Voyant que Zhuang Rui et les autres n'avaient pas l'intention de détruire de force les statues de Bouddha, Nakagawa se sentit un peu plus rassuré. Cependant, de retour sous la tente, il resta attentif aux bruits extérieurs, craignant que Zhuang Rui ne prenne des mesures contre ces précieuses statues.
Aujourd'hui, pour éviter les sables mouvants, Nakagawa a parcouru la majeure partie du trajet à pied, après avoir mis pied à terre. Après avoir marché toute la journée dans le désert, il était épuisé. Après quelques efforts, il s'est assoupi.
Dans son rêve, Nakagawa rêva que Zhuang Rui avait finalement suivi son conseil et renoncé à toute action contre les statues de Bouddha. Après avoir quitté le désert, il s'empressa d'engager, par divers moyens, un groupe d'antiquaires, moyennant d'importantes sommes d'argent, afin de transporter au Japon les 20
000 livres anciens et rares qui se trouvaient parmi les statues.
À son retour au Japon, Nakagawa annonça immédiatement une avancée majeure dans ses recherches sur la culture de Dunhuang, ce qui provoqua un vif émoi dans les milieux universitaires japonais et même internationaux. Cette nouvelle le combla de fierté, comme s'il était passé du statut d'homme d'affaires à celui d'expert et d'érudit en matière de culture de Dunhuang.
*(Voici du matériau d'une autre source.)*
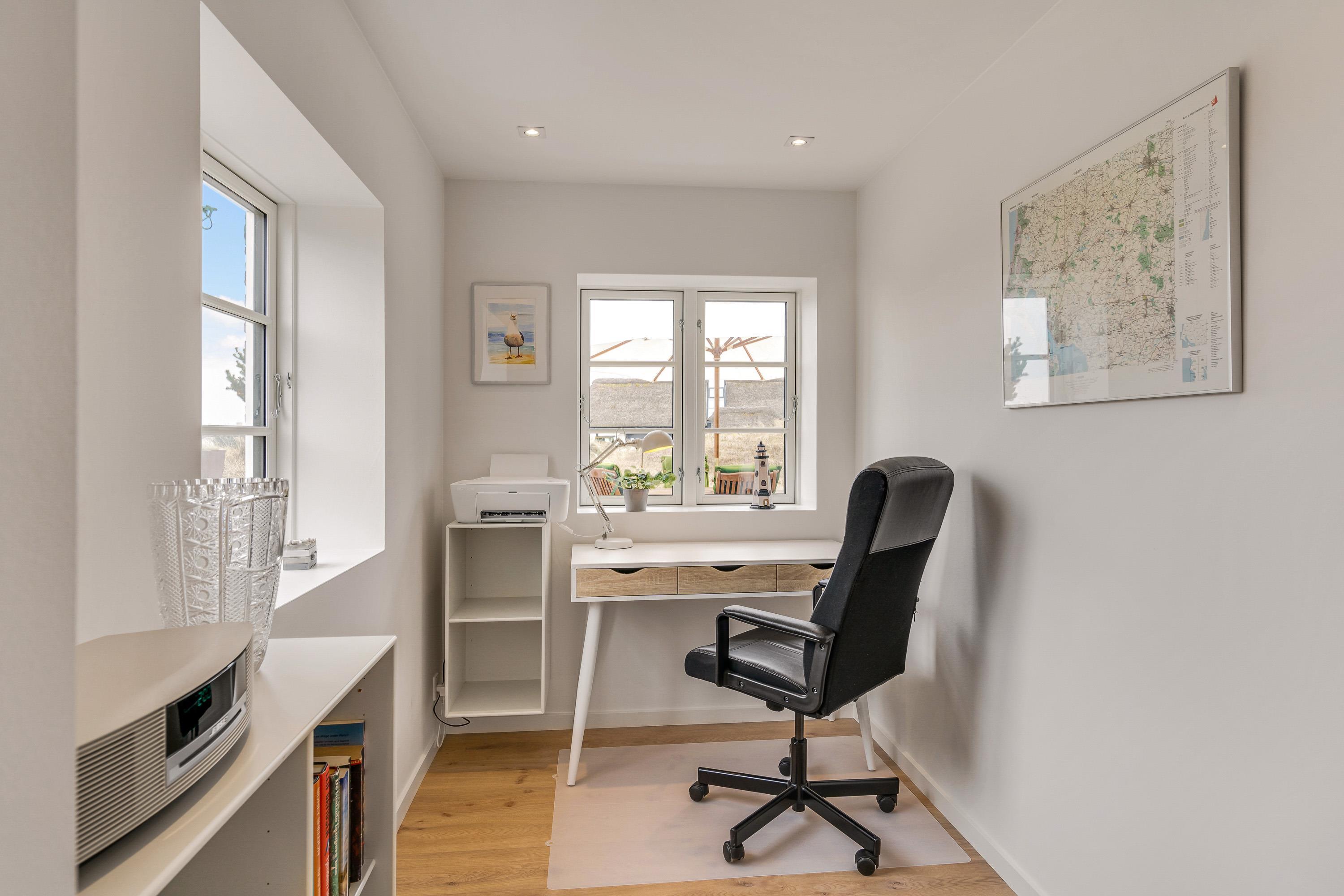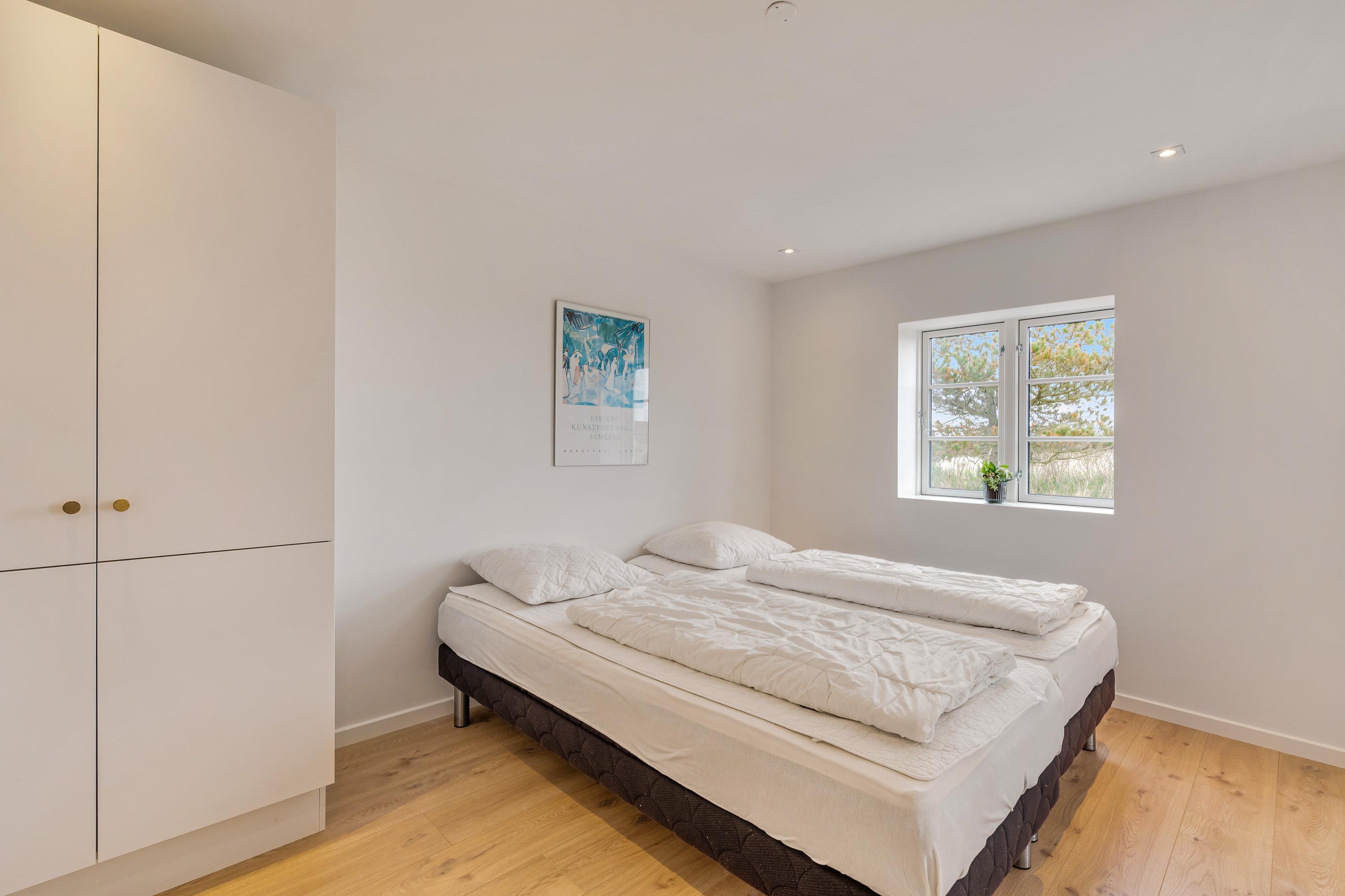 Sommerhuset i Blåvand har plads til op til otte personer med tre hyggelige soveværelser, der hver er udstyret med en komfortabel dobbeltseng og dertil en sovesofa på 1. sal - bemærk, at trappen til overetagen er lidt stejl.
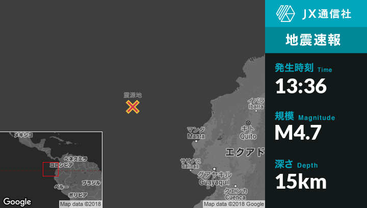 | 震源地 | エクアドルのMantaから西北西350kmの地点 |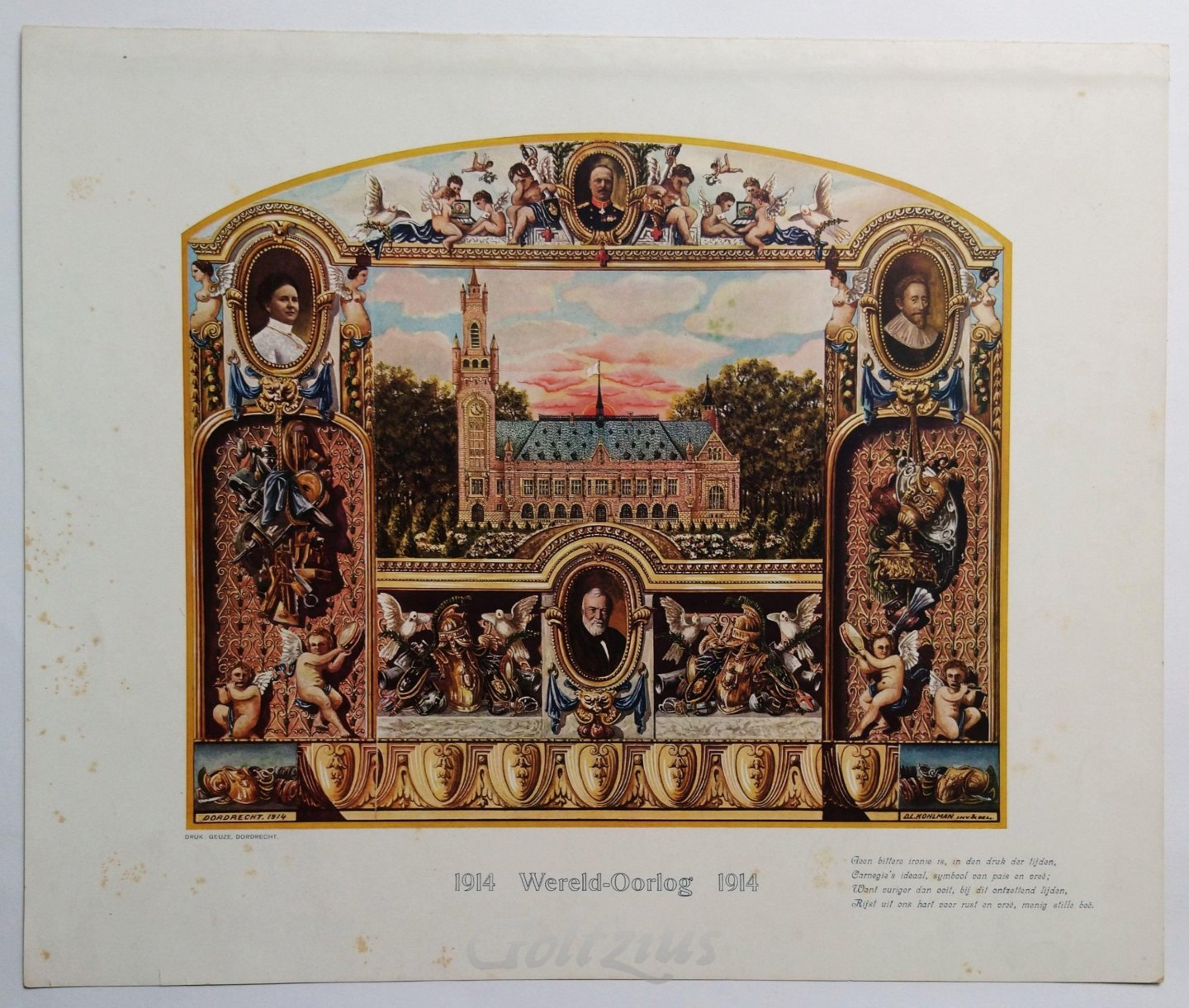 1914 Wereld-Oorlog 1914 Print commiserating the beginning of the First World War. It shows the Vredespaleis (Peace Palace) in The Hague (architect Prof. J.A.G. van der Steur), above a portrait of Andrew Carnegie (who donated money for the building). To the left a portrait of Queen Wilhelmina, to the right a portrait of William the Silent. In the top putti with Red Cross armbands sit around bandage chests, to the left and right of a portrait of an unidentified military man. Chromolithograph on wove paper, sheet size 390 x 470 mm. Designed and drawn by D.L. Kohlman, and printed by Geuze (Dordrecht). With a four-line poem in the lower left. In very good condition. Some scattered foxing (mostly in the margins, a few spots in the sky of the image area). A strip of cloth is pasted to the top margin verso, for previous attachment to carrier. An ink stamp indicates this print was once part of the print collection of the municipality of Vlaardingen (not in Lugt).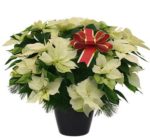 Please note, the available of white poinsettias is limited in some areas. When unavailable the colour may be substituted for red or similar.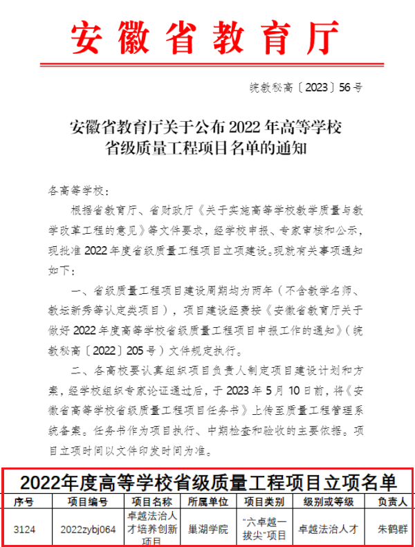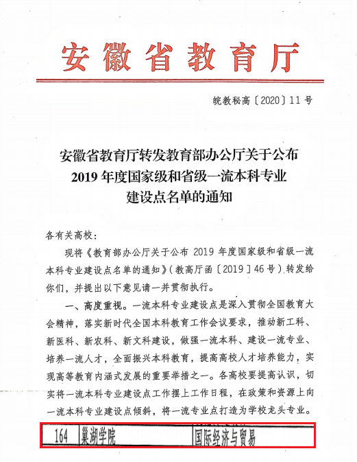 围绕安徽省十大新兴产业发展,学院积极推进学科专业优化调整,进一步发挥“应用经济学”校级重点学科龙头和引领作用,以“上水平、出高水平成果”为目标,积极打造高水平创新平台,促进高水平成果产出。国际经济与贸易专业获批省级一流本科专业建设点;法学专业获批省级卓越法律人才建设专业和校级特色专业,并被列入省级“六卓越一拔尖”培养计划;金融工程专业获批省级振兴计划建设专业,并于2024年6月顺利通过长三角新文科教育专业认证。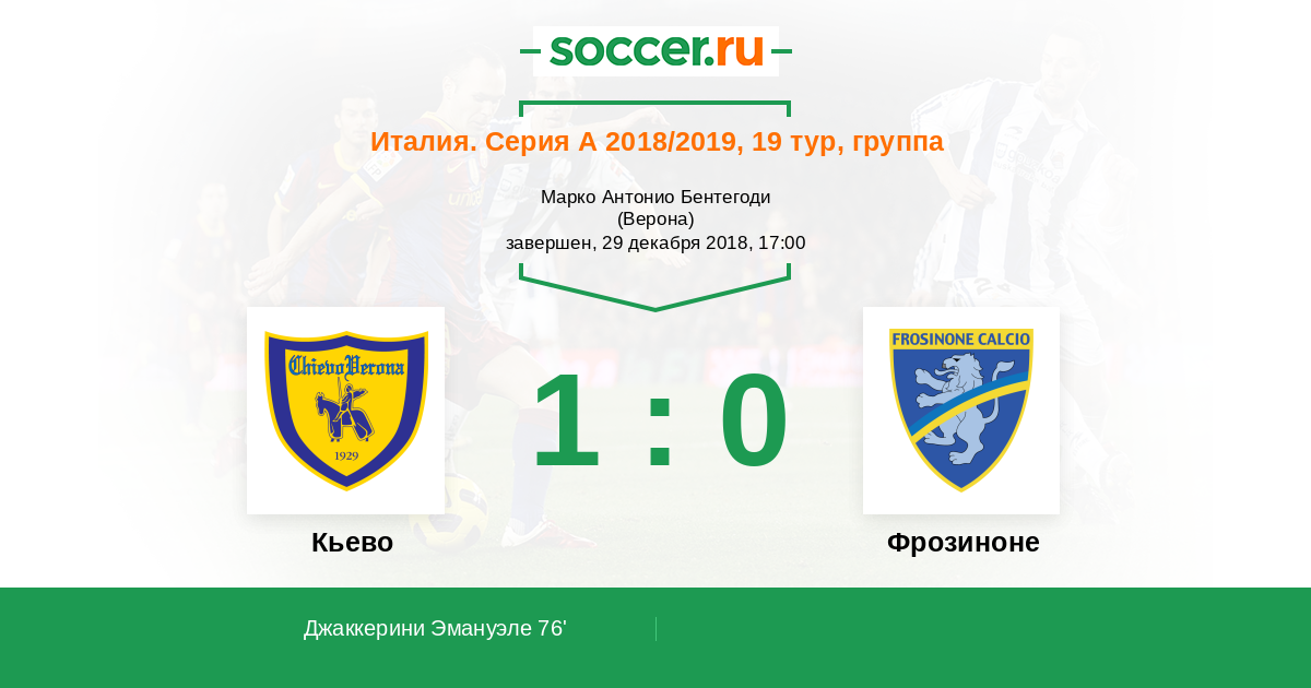 Марко Капуано (Фрозиноне), пытаясь добраться до мяча, грубо ударил соперника по ногам. Джанлука Рокки свистнул нарушение. Кьево получает право на штрафной.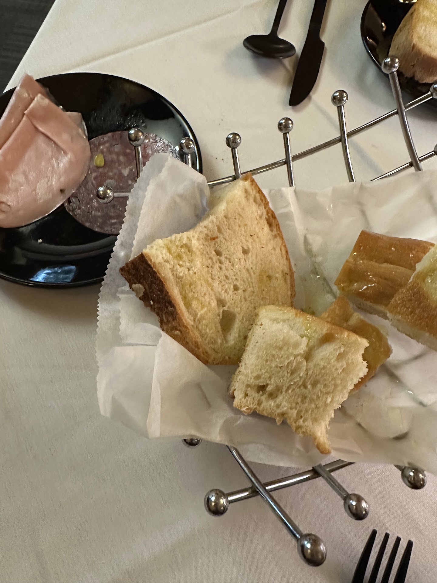 Dinner came with a bread basket that included both focaccia and a boule style bread, all drizzled in garlic oil. Additionally they brought out a plate with a few slices of mortadella and salami along with the bread, which was a really nice touch, and unexpected. I’m not sure if this is standard or something they were doing to keep diners satiated while waiting for food on a busy night, but regardless it was a classy move and good hospitality. (I hope it’s standard, btw!)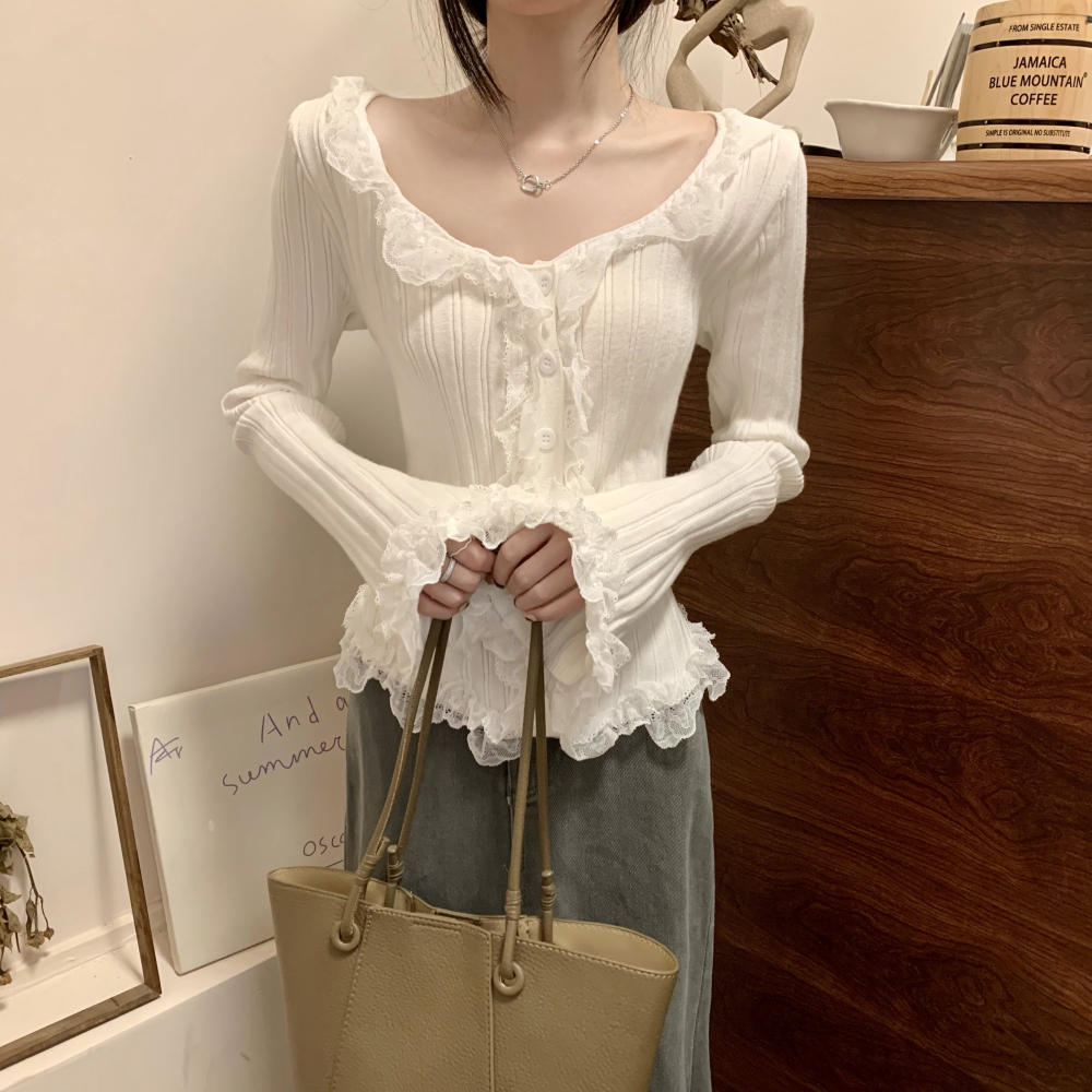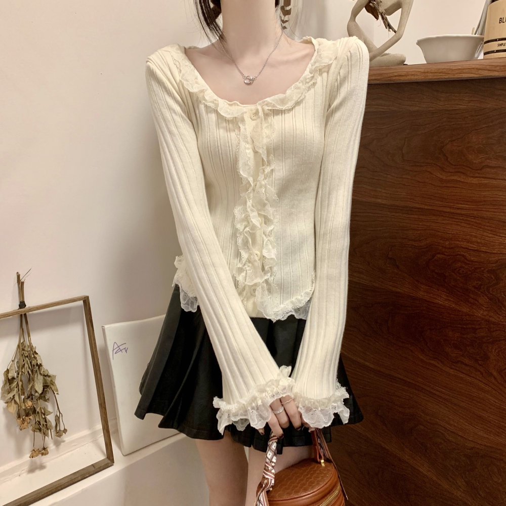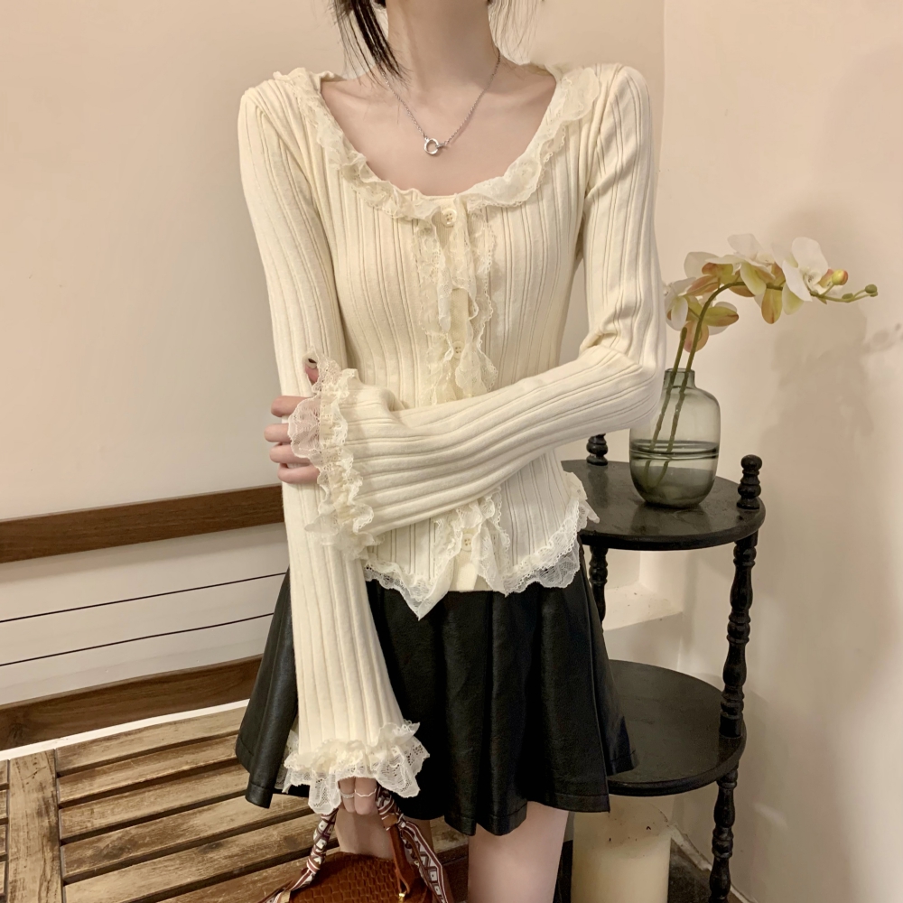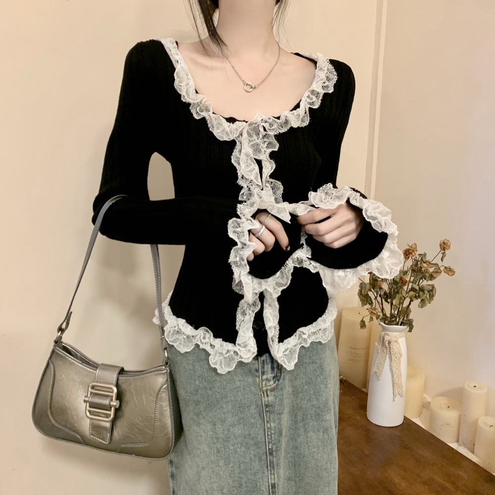 RM25990#法式蕾丝花边长袖针织衫秋季设计感小众显瘦短款上衣女

Après avoir conquis le monde, l'objectif suivant d'un homme est de conquérir les femmes. Le brillant Nakagawa semble avoir rajeuni de vingt ans et, sans avoir recours à la pilule bleue, il provoque un accident mortel chez sa nouvelle secrétaire.
« Eh, hein ? Pourquoi il fait si froid… »
Alors que Nakagawa était plongé dans son monde imaginaire, il sentit soudain le corps chaud et doux dans ses bras se figer et se refroidir. Il ouvrit les yeux, encore ensommeillé, et vit que la beauté qu'il tenait dans ses bras s'était transformée en un mur.
Non… pour être précis, il s’agirait plutôt de Nakagawa enlaçant la statue de Bouddha au milieu du hall principal, agenouillé, et étirant vigoureusement ses hanches.
"Ah ?"
Après une minute de silence stupéfait, Nakagawa laissa échapper un gémissement comme s'il avait été agressé sexuellement. Son premier réflexe fut de toucher son pénis, déjà rouge à force d'être frotté. Soulagé, il constata qu'il semblait en bon état.
Cependant, il était clair que le calvaire de M. Nakagawa n'était pas terminé. Lorsqu'il se retourna, il découvrit une rangée de personnes devant lui, de Zhuang Rui à Erdan
; aucune n'avait disparu dans le désert.
Bien que Nakagawa ait la peau dure, il avait tout de même honte au point de vouloir disparaître après avoir fait un geste aussi obscène en public.